Get ready for the Marty party

Boston’s Mayor-Elect Marty Walsh

Last week Pete Stidman, your representative on Mayor-Elect Marty Walsh’s Transition Team, rubbed shoulders with some big names in Boston’s transportation world and put forward a few ideas for change at the first meeting of the team’s Transportation & Infrastructure Working Group. The breadth of knowledge and experience in this and the other 11 working groups is impressive, and the inclusion of biking, walking, and access leaders on the team speaks to Walsh’s vision of an inclusive administration.

Outgoing Mayor Thomas Menino is also putting his best foot forward, detailing his administration’s programs and accomplishments on his own transition blog.

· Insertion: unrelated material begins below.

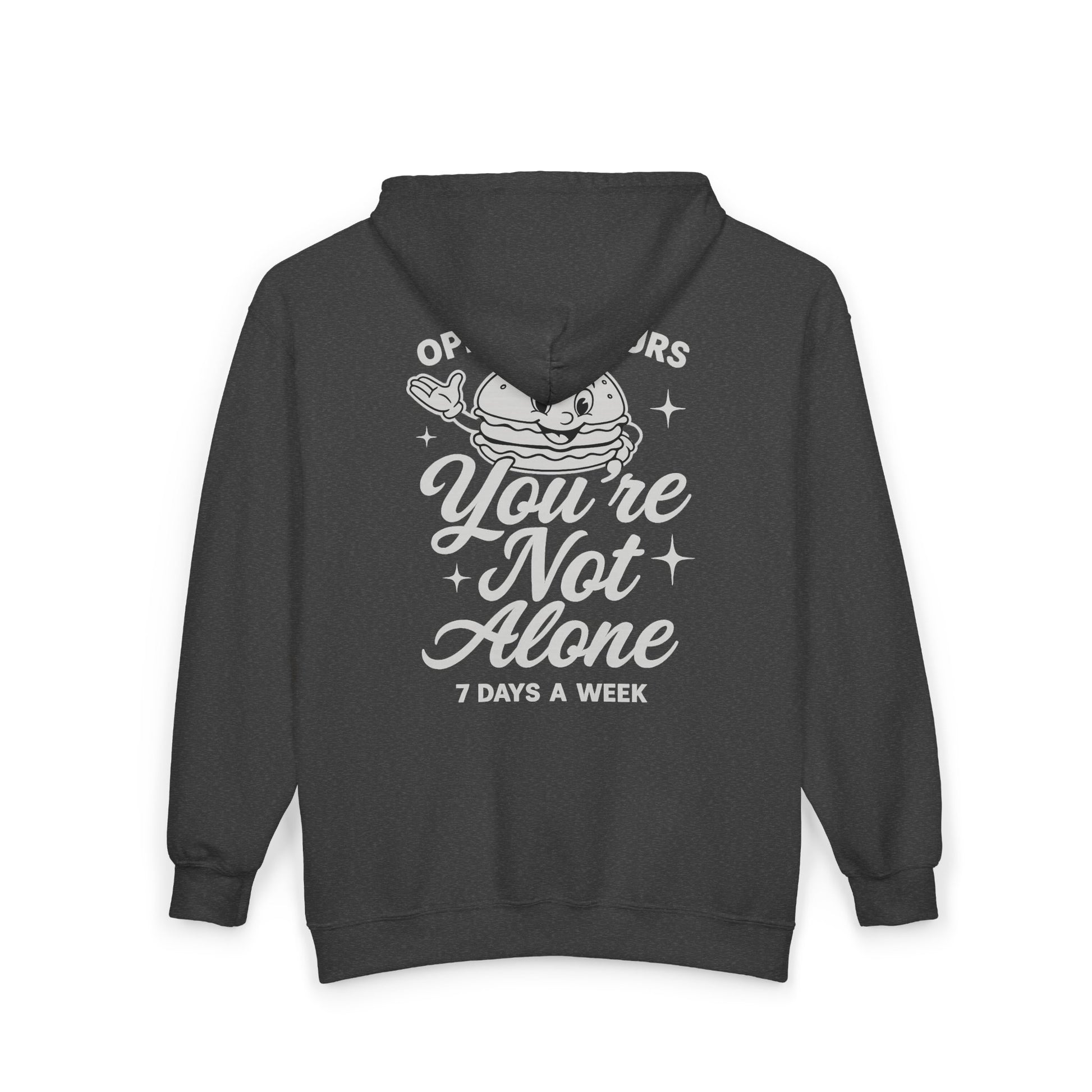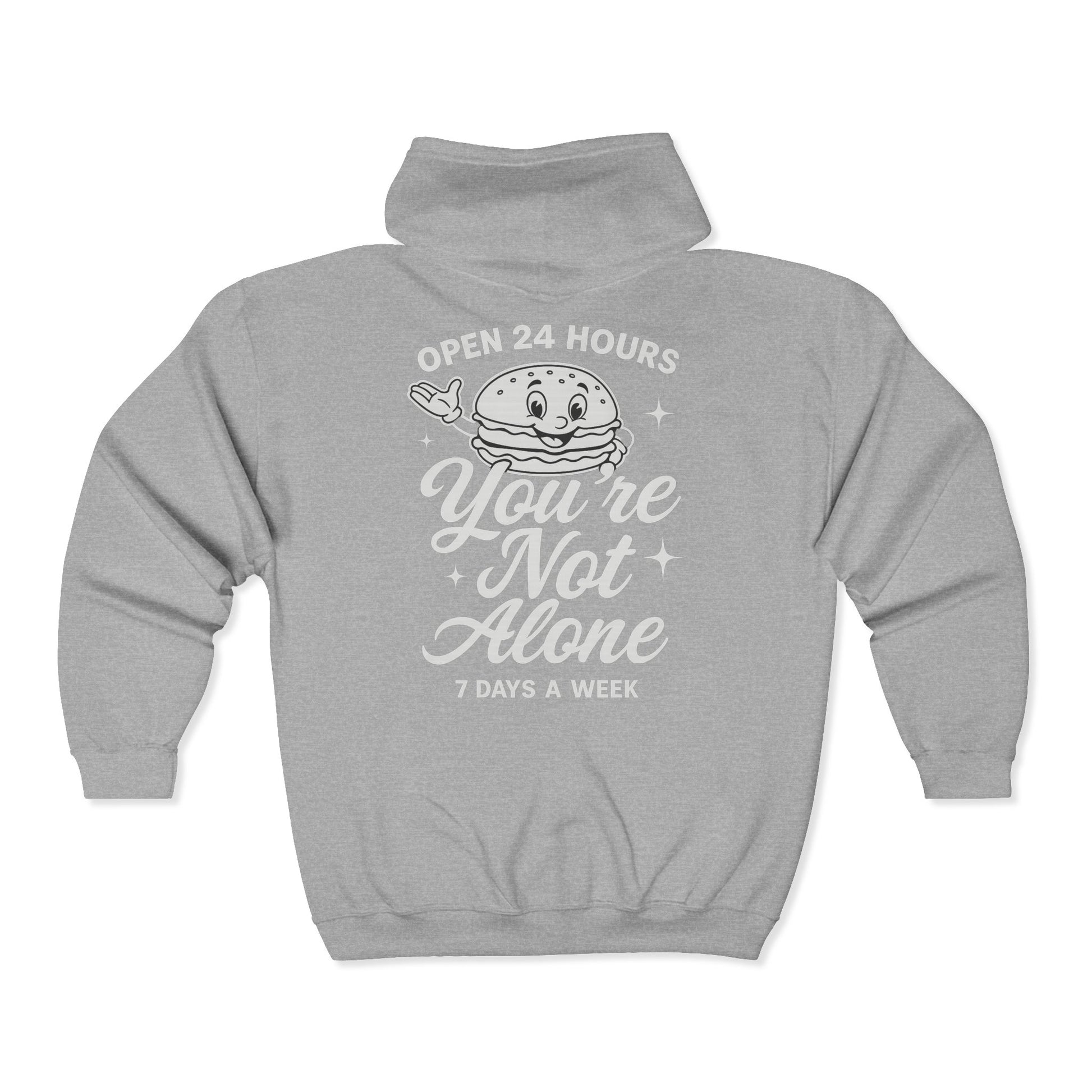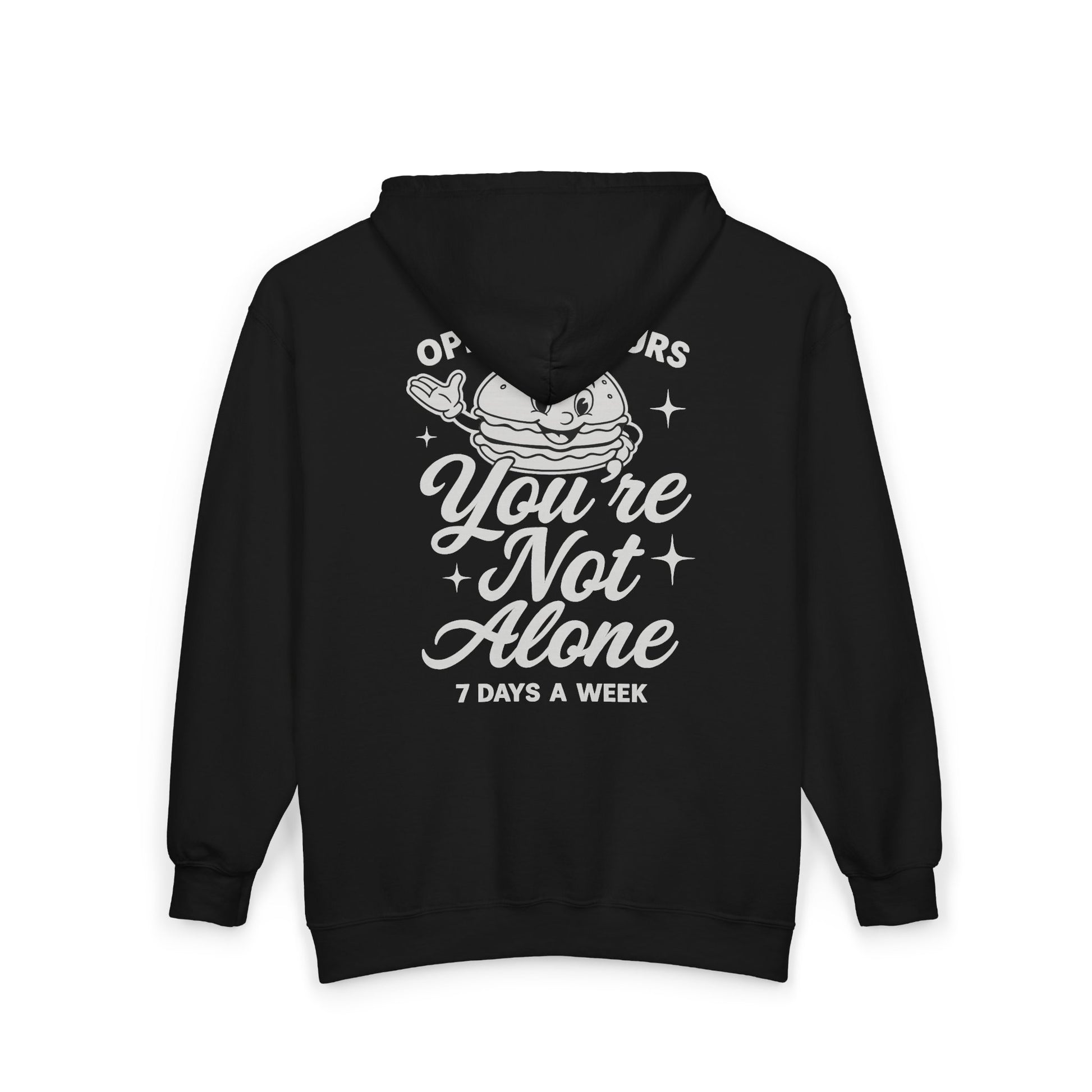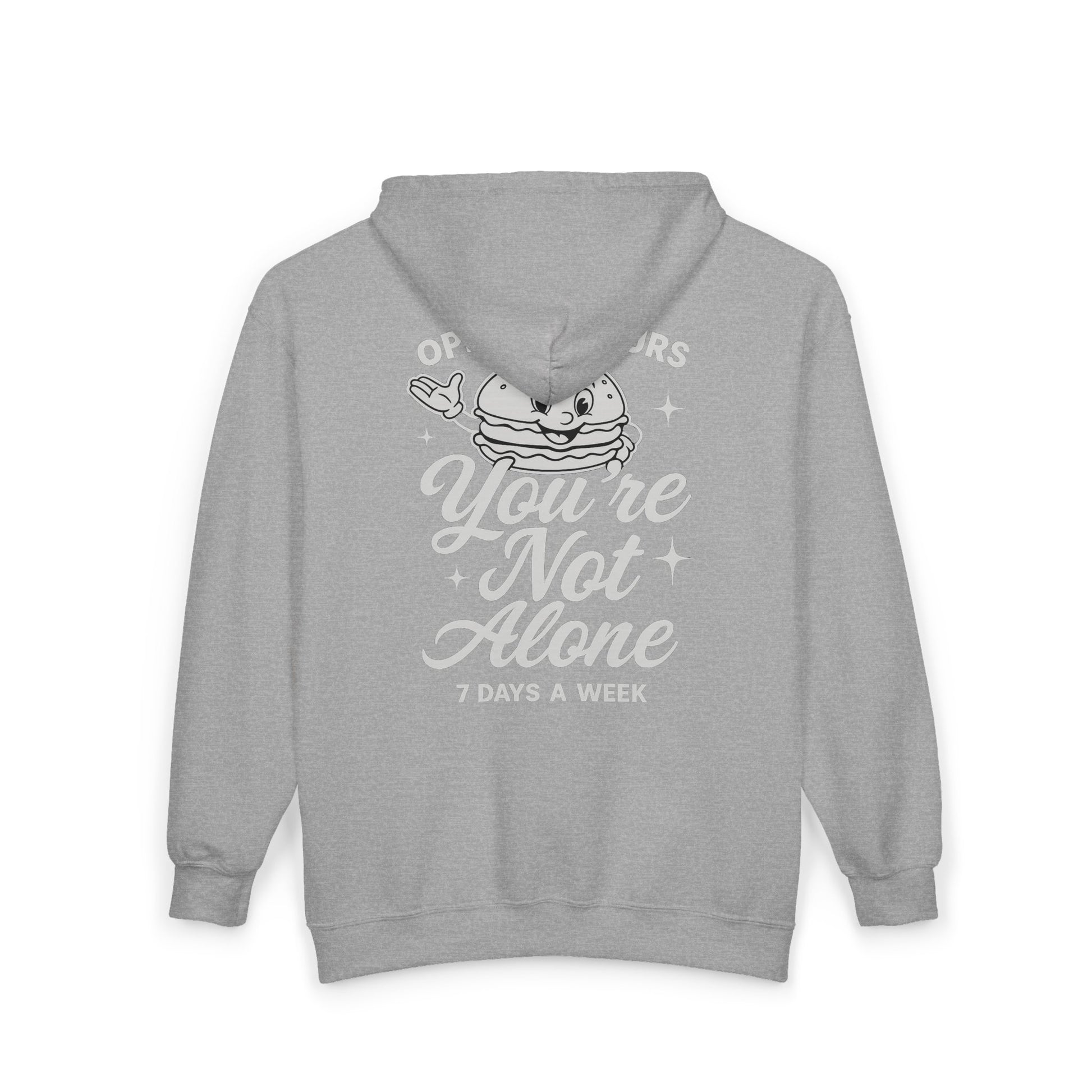 Sink into comfort with our Unisex "You're Not Alone" Zip Up Hoodie — a laid-back statement piece designed to support more than just your style. Featuring a bold custom hamburger graphic with a message that hits deeper than lunch, this Hoodie was created to celebrate the release of my single "You're Not Alone" and spark real conversations around mental health.

You can help collect the best ideas going by sharing what you’d like to keep, implement, or dream using this short and sweet questionnaire. The ideas most likely to succeed will be those that include funding strategies or are cost neutral. The question we are charged with is not so much what is our goal, but how do we get to it from here?

To make sure progressive transportation ideas are well supported and your specific ideas are heard you can also speak up at a massive town hall meeting this Saturday in Roxbury, or at hearings for Transportation (Mon., Dec. 16), the Environment and Parks (Tues. Dec. 17), or Public Health (Wed., Dec. 18). You can RSVP and find details for these and other hearings at boston14.org.

Some of the Bike Union’s key priorities during the transition include:

  • Increase spending on bike infrastructure from city, state or federal sources to $6 million per year, to meet the Boston Bike Network Plan’s five-year goal by the end of Marty’s first term.
  • Officially adopt the city’s Complete Streets Guidelines and create a multi-agency review board, including seats for walking, biking and transit advocates, to ensure developers and city departments are adhering to them.
  • Create a safety director position at the Boston Transportation Dept. to assist better crash and injury data collection at other city agencies and ensure its use in creating new street designs. (e.g. Help Boston Police implement PBCAT in their new CAD incident reporting system and ensure resulting data reaches transportation planners.)
  • Include cyclists in planning processes and encourage their participation in ‘friends of’ groups to support Boston’s parks.

Please support these ideas along with your own in your public and written comments! At each transition hearing, Boston residents will be able to share their ideas with working group leaders about how to improve the city. The ideas collected will be integrated into a final presentation that each working group will share with the Mayor at the end of January.

The support you show for bicycling improvements now can set the tone for the next four years and possibly more. Don’t miss this historic opportunity.